Somehow, I would hate to be the guy who just bought last year's model.
This is obviously a pro camera. Remember that pic of Buzz Aldrin on the moon? Taken with a Hasselblad (although obviously an old-school film one). These are the types of cameras that have film backs, etc. Most people, myself included, probably could not figure out how to work one properly. And I'm a novice DSLR user at least.

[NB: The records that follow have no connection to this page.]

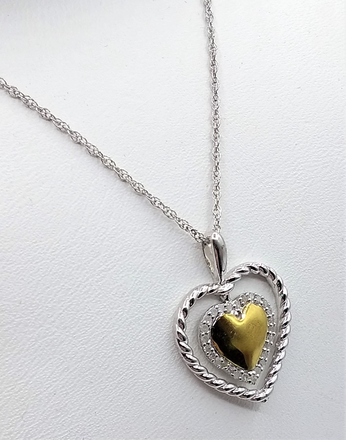 Sterling Silver Diamond heart Pendant with 18" chain, 27 Diamonds (0.1cts), With appraisal of $1035.00...New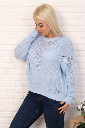 Джемпер имеет рельефный рисунок в виде полупрозрачного выреза, что отлично подчеркивает линию декольте, рукав летучая машь. Само изделие полуприлегающее с округлой горловиной, линия плеча спущена, низ изделия заужен.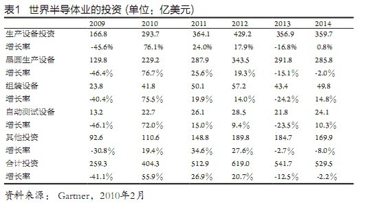 近期半導體業的迅猛增長,推動了半導體生產設備市場的快速復蘇,存儲器、代工業的發展以及進一步走向微細化先進技術的要求,則是主要的拉動力量。在各項生產設備中晶圓生產線(wafer fab)設備最為重要,增長也最快,2010年將竄升76.7%,達229億美元,獨占半導體生產設備的78%,整個半導體業投資的近57%。組裝設備增長75.5%,達41.8億美元,自動測試設備增長72%,達22.7億美元。其他有關投資增長19.4%,達110.6億美元,整個半導體業投資共增長55.9%,達到404.3億美元(表l)。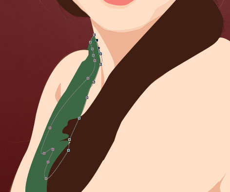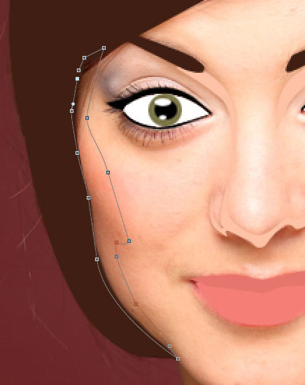 Make a new layer for the hair and once more use the color picker to select the most dominant hair color in your picture. If you want to add in highlights you can do that later. For the hair I will be using #401e12. Just like before trace the hair and then fill in the path.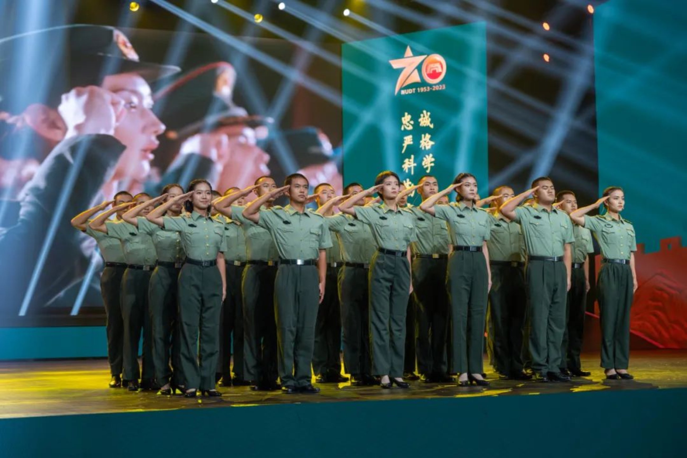 9月1日晚,国防科技大学建校70周年专题晚会《为军向战七十年》在长沙校区三号院隆重举行。大幕开启的那一刻,时光仿佛回到1953年。一段段激情燃烧的岁月、一首首或隽永或豪迈的歌曲、一幕幕动人的情景,引起了每一位在场观众的深深共鸣。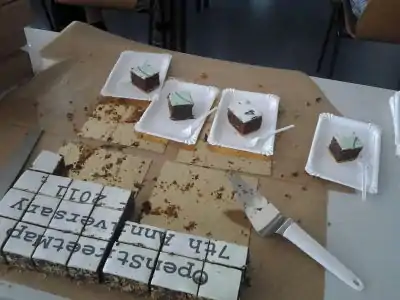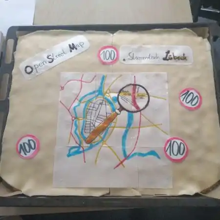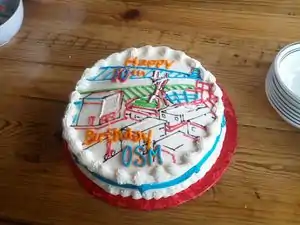 The term "Cake" became associated with OSM as a result of the early mapping parties, specifically Mapchester, the first mapping party in Manchester in May 2006. A "Cake diagram" was produced to help with the mapping effort (top image)

A 50 megapixel photo could be blown up HUGE though provided image quality is good. I am pretty sure while 35k for a camera is ridiculous, that these cameras have the potential to produce spectacular photos if the user is talented. And I think they at least used to take Zeiss lenses, not shabby.
Hmm... A 35,000 blunt object :)
Though totally awesome, probably is as heavy as a cinder block.
I bet this thing could take INSANE orthophotos. I wonder if the hotplate over the sensor can be removed so it can take IR imagery? This could be an amazing way to take RGB+IR orthoimagery for GIS use.
Holy Fkin Sht.....Its a goddamn MONSTER.
I don't know why everybody's complaining about the price, if you want to use one, rent it... All you need is the right equipment insurance and a credit card. These cameras/lens combos have defined what the perfect digital image should look like. Hasselblads absolutely suck @$$ to buy though, and have proven themselves to be a horrible investment... They have changed their technology so much and so fast that at such a high price point, it would be very difficult for all but the world's top photographers to get their ROI
@seefx Maybe because most people here would like to have one, not just the privilege to use it.